Independent Galway West TD Catherine Connolly has described the low sponsorship as “alarming”.

More than €978,000 of the expenditure was on direct programme funding, but over €330,000 was also spent on professional, legal and audit fees, external advisers and “other” unspecified expenditure.

Former city mayor and outgoing Fine Gael city councillor Padraig Conneely described aspects of the 2018 financial statement as “disturbing”.

Ms Coop and Ms Marriage have worked together for 11 years with London-based company Artichoke.

The company co-founded by Ms Marriage has a reputation for large scale public art events, and linked up two years ago with Galway street theatre company Macnas for the 2020 bid book.

Three months ago, Artichoke was signed up by Galway 2020 to fill a vacuum in both creative leadership and fundraising, after the project’s first creative director, Chris Baldwin, quit only just 10 months into his contract.

Sarah Coop
Sarah Coop

Further resignations delayed both programming and corporate sponsorship targets, as arts groups were informed of budget cuts.

The cuts forced Druid Theatre company to pull the larger of its two projects from the 2020 programme.

An EU monitoring group report last summer warned that Galway was in “danger of losing track ... and incurring further delays”.

Ms Coop says it is “easy to knock”, and notes that €23m is still a considerable amount of money.

She recently drummed up stg£6.6m over two years for four large scale projects in Britain.

Some £1.5m of this was for Processions, a mass participation in Belfast, Cardiff, Edinburgh and London celebrating a century of women’s suffrage.

In theory, she has less than one year to secure a similar sum for Galway 2020, but she says that fundraising will continue well beyond next January’s opening ceremony into next year.

Negotiations on securing five pledges amounting to €1m are at an advanced stage, while links are being made with more than 50 local companies which had pledged sums of between €2,020 and €8,080 over four years.

Celebrations in 2016 when Galway was revealed as the Capital of Culture for 2020.
Celebrations in 2016 when Galway was revealed as the Capital of Culture for 2020.

Ms Coop says she was heartened by the response from business leaders at a recent presentation.

The €7m corporate sponsorship required will be a mix of partnerships and financial support, and will not include ticket sales.

The full programme is due for publication in September.
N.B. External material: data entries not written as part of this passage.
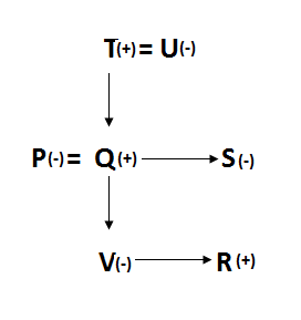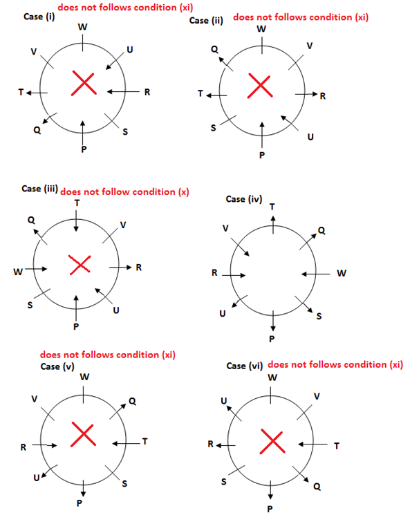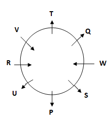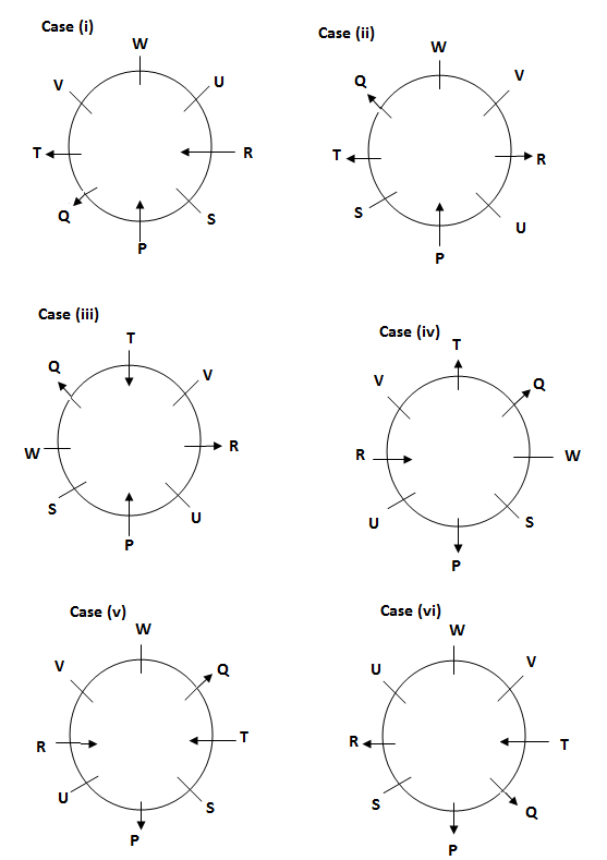 Eight people P, Q, R, S, T, U, V and W are sitting in the circular table. Some people faces centre while some people faces outside the centre of the circle, But they all not necessary to be in the same order.
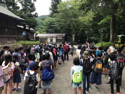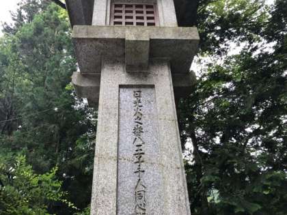 いよいよ二社一寺の見学です。まずは八王子市と日光市が姉妹都市である証拠の前でガイドさんの話を聞きます。みんな元気です。
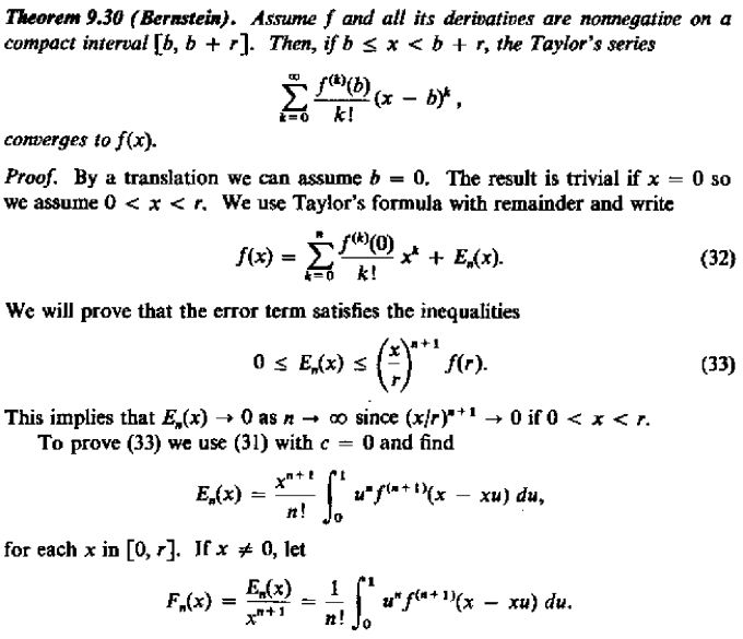 一个在[a,b]上无穷次可导的函数f,[a,b]内任意点的任意阶导数存在且非负,求证f在[a,b]内的泰勒级数收敛于它本身!
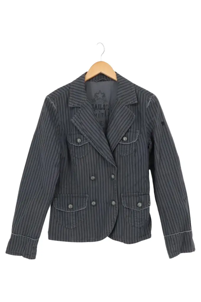 Damen Blazer Gr. 38/M Grau Gestreift Business Vintage Baumwolle
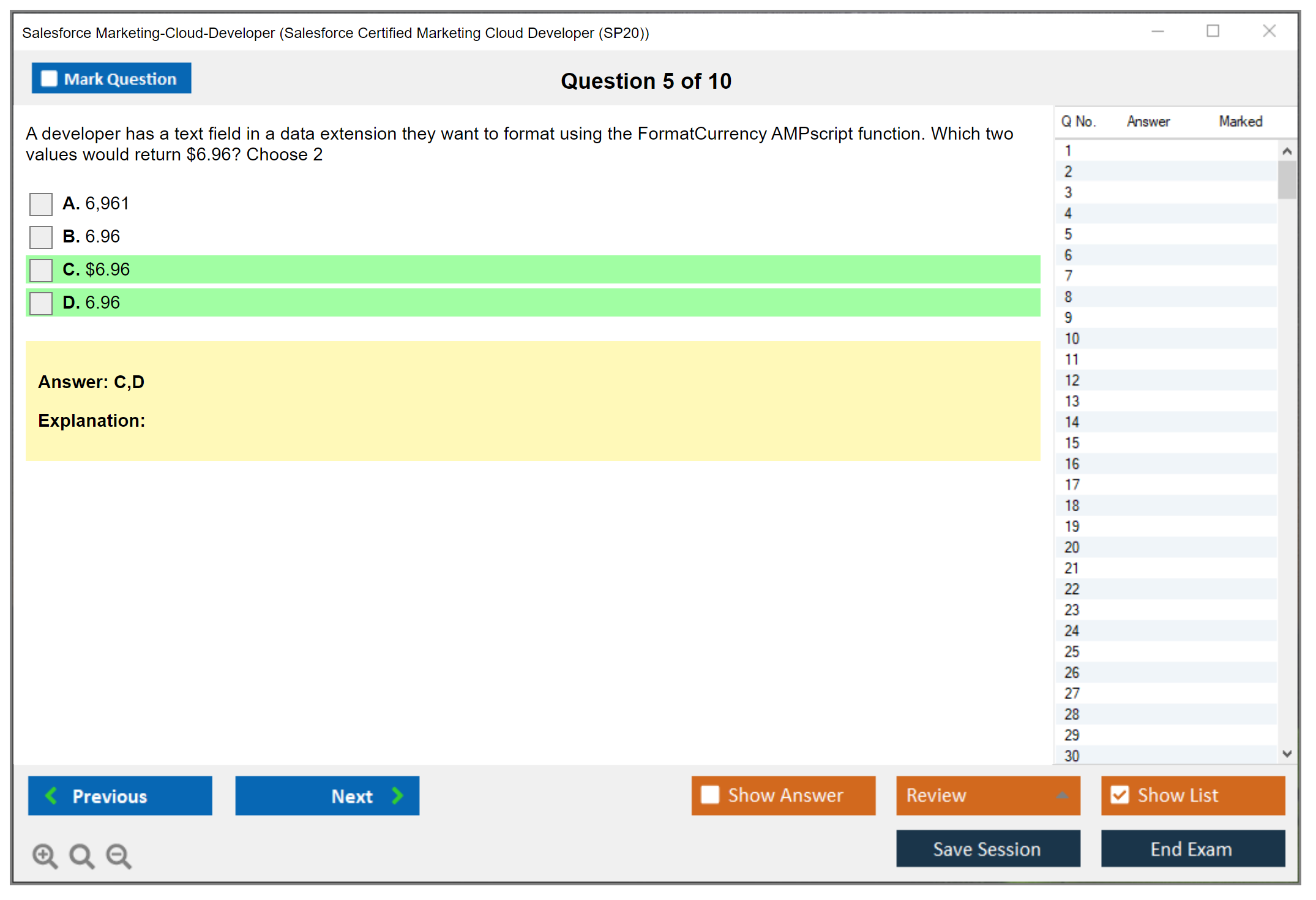 What is the Question Format of Salesforce Marketing-Cloud-Developer Exam?
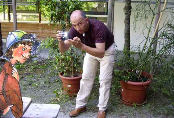 und sein Hobby ist Fotografieren. Er hat seine Fotokamera immer
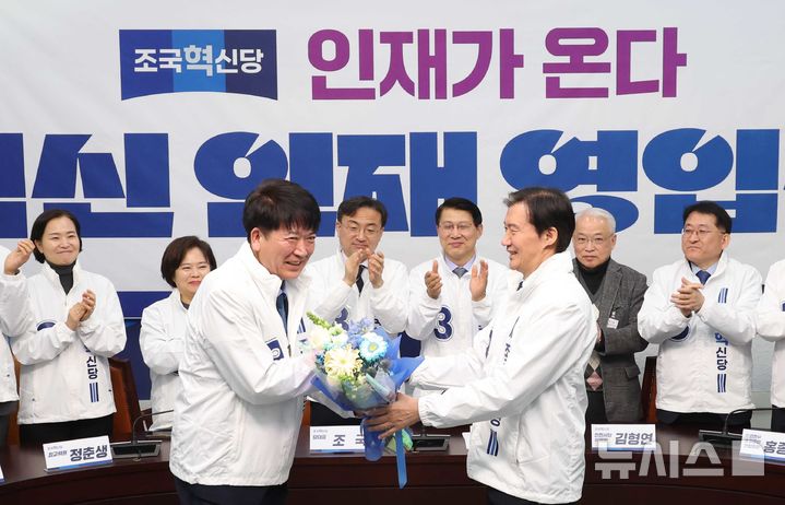 [서울=뉴시스] 조성봉 기자 = 조국 조국혁신당 대표가 12일 오전 서울 여의도 국회에서 열린 혁신인재영입식에서 안광호 전 인천경제자유구역청 영종청라사업본부장에게 꽃다발을 전달하고 있다. 2026.03.12. [email protected]
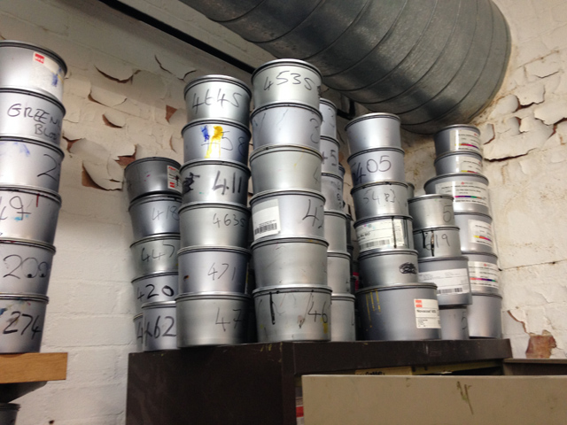 After a few years, if no-one has specified that colour again it has probably passed its sell by date so we empty the ink into a big vat and it gets taken away and recycled into oil products but not into new ink.’
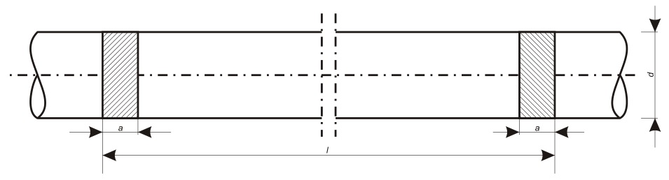 | Pipeline diameter (d) | Tape width (a) | Label height (b) | Spaces between tapes (lmax) |
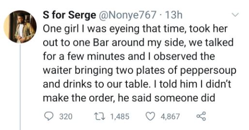 He explained that he was on the date with the woman at a restaurant when a waiter approached their table with two plates of pepper soup and drinks.
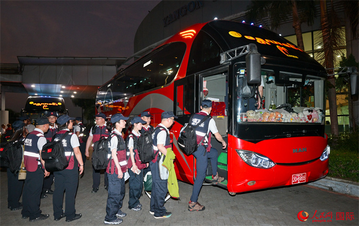 當?shù)貢r間4月19日晚,中國政府援緬衛(wèi)生防疫隊抵達仰光機場后轉(zhuǎn)乘大巴。人民網(wǎng)記者 謝佳君攝
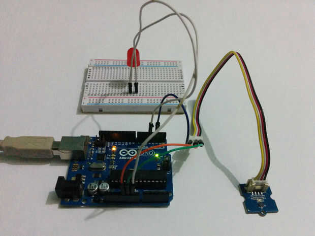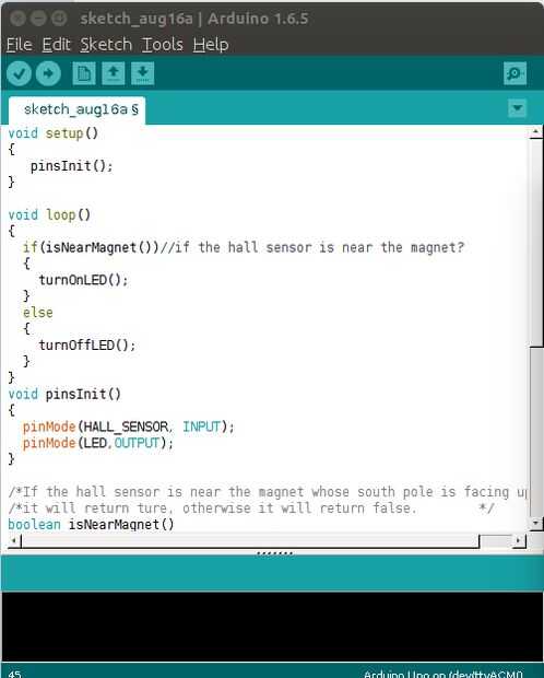 void setup() <br>{ pinsInit(); } void loop() { if(isNearMagnet())//if the hall sensor is near the magnet? { turnOnLED(); } else { turnOffLED(); } } void pinsInit() { pinMode(HALL_SENSOR, INPUT); pinMode(LED,OUTPUT); } /*If the hall sensor is near the magnet whose south pole is facing up, */ /*it will return ture, otherwise it will return false. */ boolean isNearMagnet() { int sensorValue = digitalRead(HALL_SENSOR); if(sensorValue == LOW)//if the sensor value is LOW? { return true;//yes,return ture } else { return false;//no,return false } } void turnOnLED() { digitalWrite(LED,HIGH); } void turnOffLED() { digitalWrite(LED,LOW); }

Ms Marriage said the bid book is still the “bedrock”, but she hopes to add some “additional strands” to enhance the 2020 themes of language, landscape and migration.

“The European capital of culture has to be a bigger vision of what goes on here in Galway normally,” Ms Marriage said.

She stressed that the award-winning Druid Theatre company would still be “front and centre” of the programme.

Much has been made of a lack of legacy in terms of new arts infrastructure.

The recently formed Theatre 57 grouping is campaigning for a cultural hub, and sought an “open call” for further projects in the 2020 programme.

Ms Marriage says the recently announced second round of the “Small Towns, Big Ideas” strand for community projects is effectively that “open call”.

Ms Marriage has promised an “extraordinary” opening ceremony in January.